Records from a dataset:

[Start of section]

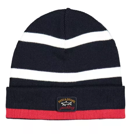 Шерстяная шапка-бини в полоску из 100% мериносовой шерсти, с фирменным логотипом
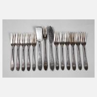 um 1910, monogrammiert E.V., Hersteller Theodor Müller Weimar, 90er Silberauflage, zwölf Kuchengabeln, Butter- und Käsemesser sowie ein Wurstgabel, normale Altersspuren.
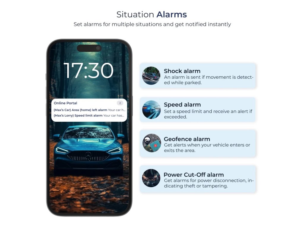Upozornění: Okamžité alarmy při překročení rychlosti, otřesech nebo odpojení napájení.
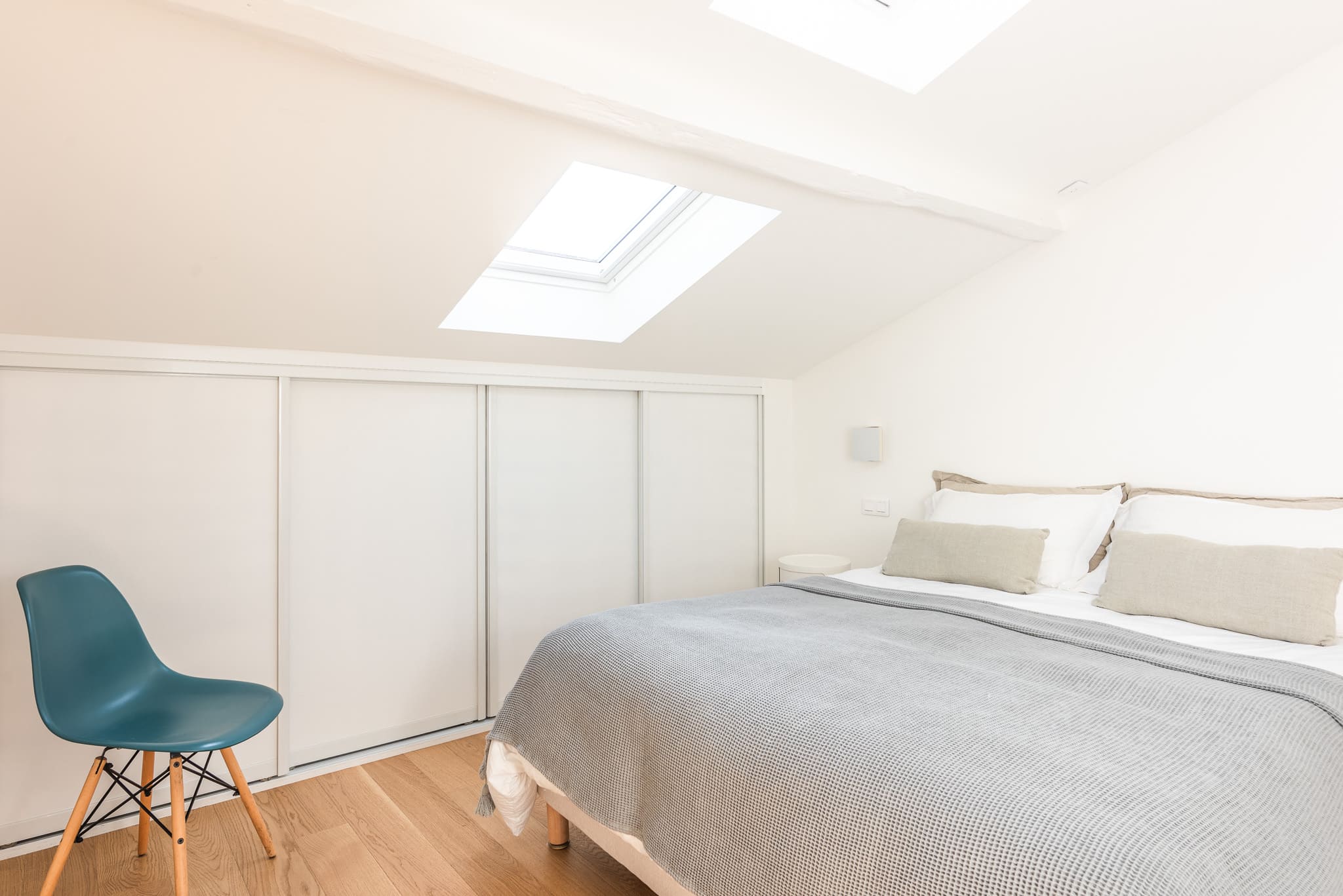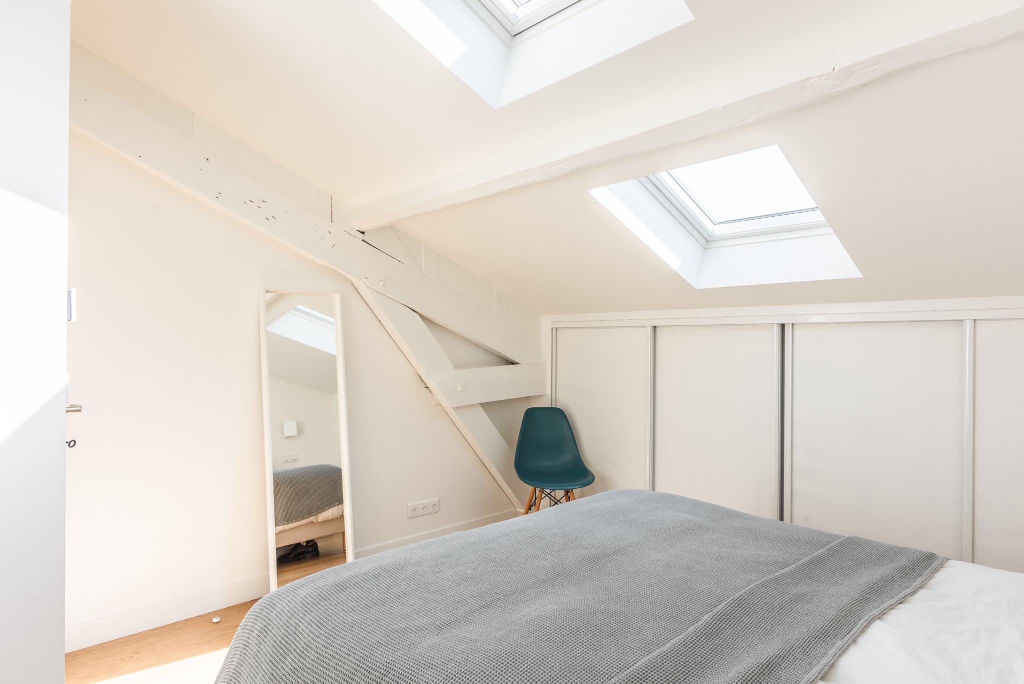 The flat is a 65m2 (e.q. 700 sq.ft) apartment totally refurbished by architect with high quality materials and furniture. It's a penthouse loft, very luminous. Its location is perfect, in the heart of the 11th district very pleasant neighborhood with lots of shops / restaurants, at 3 min walk from Metro rue Saint-Maur It has a nice living room with TV (Netflix, etc.) and a dining area, open to a fully-equipped kitchen. The first bedroom has a 4-star bed 160x200 and large dressing The second bedroom has a 140x200 bed and a chest of drawers. The bathroom has a bathtub and a laundry closet with washer/dryer machine The WC is separated. Its kitchen is fully-equipped with stove, oven, fridge, Nespresso machine, Kettle, Toaster, dishwasher). All rooms have curtains. The loft is at the 4th floor (no lift) of a typical Parisian building.
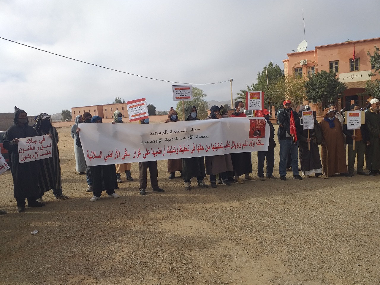 نظمت المنظمة الديمقراطية للفلاحين الصغار، بجماعة أولاد دليم، المنضوية تحت لواء المنظمة الديمقراطية للشغل، وقفة احتجاجية، للمطالبة بوقف مسطرة تفويت أراضيهم التي ورثوها عن اجدادهم، إلى ملك الدولة الخاص ( الأملاك المخزنية )، والتي عبر من خلالها المحتجون عن غضبهم و امتعاضهم، عن هذا القرار الجائر، وطالبوا بضرورة نهج مسطرة تمليك الأراضي لذوي الحقوق، تحت إشراف مجلس الوصاية على الصعيد الوطني، التابع لوزارة الداخلية، و اللجنة النيابية، على الصعيد المحلي، و إعطاء لكل ذي حق حقه، ليتمكن سكان الجماعة و خصوصا الفلاحين منهم، من الاستفادة من مجموعة من البرامج التنموية وعلى رأسها برنامج مخطط المغرب الأخضر، و الصندوق الوطني لتنمية العالم القروي…
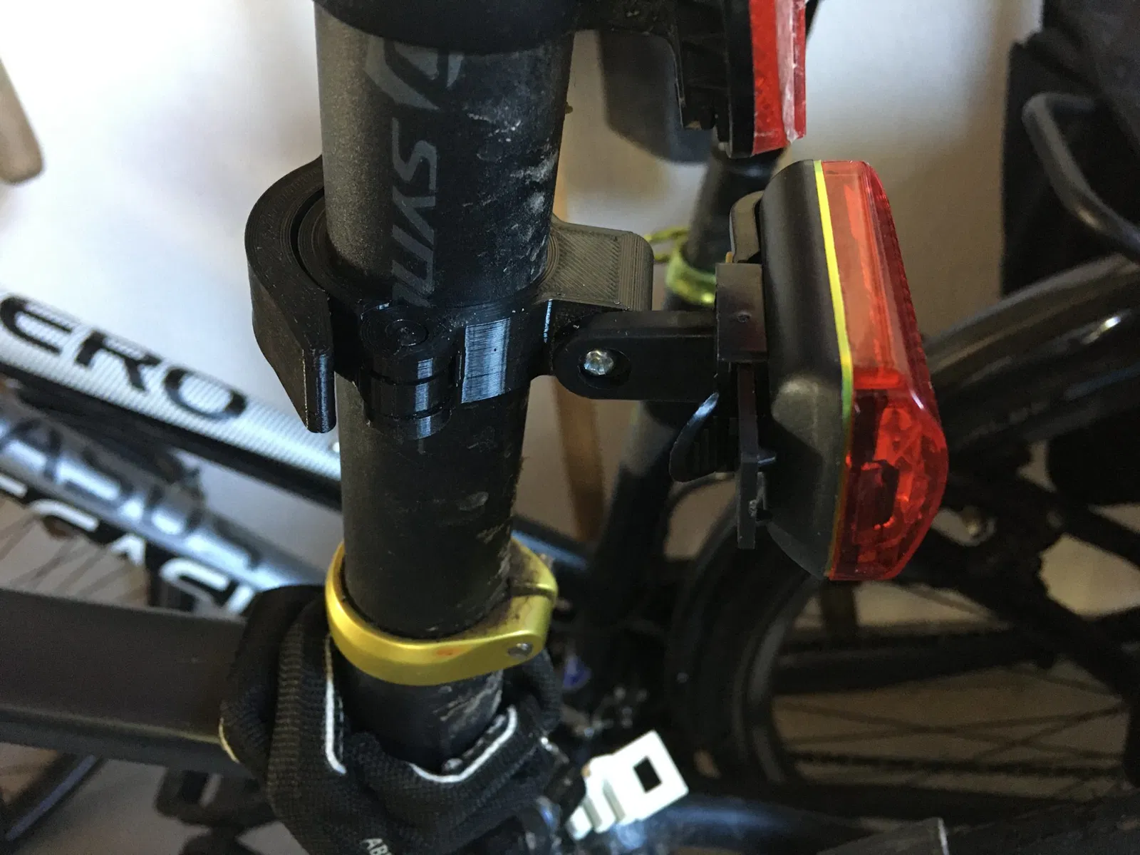 Một giá đỡ để gắn đèn hậu vào ống yên của xe đạp.

[End of section]

Assigned task: Leave the pictures behind and repeat each entry exactly.

Solution for this problem:
 Шерстяная шапка-бини в полоску из 100% мериносовой шерсти, с фирменным логотипом
 um 1910, monogrammiert E.V., Hersteller Theodor Müller Weimar, 90er Silberauflage, zwölf Kuchengabeln, Butter- und Käsemesser sowie ein Wurstgabel, normale Altersspuren.
Upozornění: Okamžité alarmy při překročení rychlosti, otřesech nebo odpojení napájení.
 The flat is a 65m2 (e.q. 700 sq.ft) apartment totally refurbished by architect with high quality materials and furniture. It's a penthouse loft, very luminous. Its location is perfect, in the heart of the 11th district very pleasant neighborhood with lots of shops / restaurants, at 3 min walk from Metro rue Saint-Maur It has a nice living room with TV (Netflix, etc.) and a dining area, open to a fully-equipped kitchen. The first bedroom has a 4-star bed 160x200 and large dressing The second bedroom has a 140x200 bed and a chest of drawers. The bathroom has a bathtub and a laundry closet with washer/dryer machine The WC is separated. Its kitchen is fully-equipped with stove, oven, fridge, Nespresso machine, Kettle, Toaster, dishwasher). All rooms have curtains. The loft is at the 4th floor (no lift) of a typical Parisian building.
 نظمت المنظمة الديمقراطية للفلاحين الصغار، بجماعة أولاد دليم، المنضوية تحت لواء المنظمة الديمقراطية للشغل، وقفة احتجاجية، للمطالبة بوقف مسطرة تفويت أراضيهم التي ورثوها عن اجدادهم، إلى ملك الدولة الخاص ( الأملاك المخزنية )، والتي عبر من خلالها المحتجون عن غضبهم و امتعاضهم، عن هذا القرار الجائر، وطالبوا بضرورة نهج مسطرة تمليك الأراضي لذوي الحقوق، تحت إشراف مجلس الوصاية على الصعيد الوطني، التابع لوزارة الداخلية، و اللجنة النيابية، على الصعيد المحلي، و إعطاء لكل ذي حق حقه، ليتمكن سكان الجماعة و خصوصا الفلاحين منهم، من الاستفادة من مجموعة من البرامج التنموية وعلى رأسها برنامج مخطط المغرب الأخضر، و الصندوق الوطني لتنمية العالم القروي…
 Một giá đỡ để gắn đèn hậu vào ống yên của xe đạp.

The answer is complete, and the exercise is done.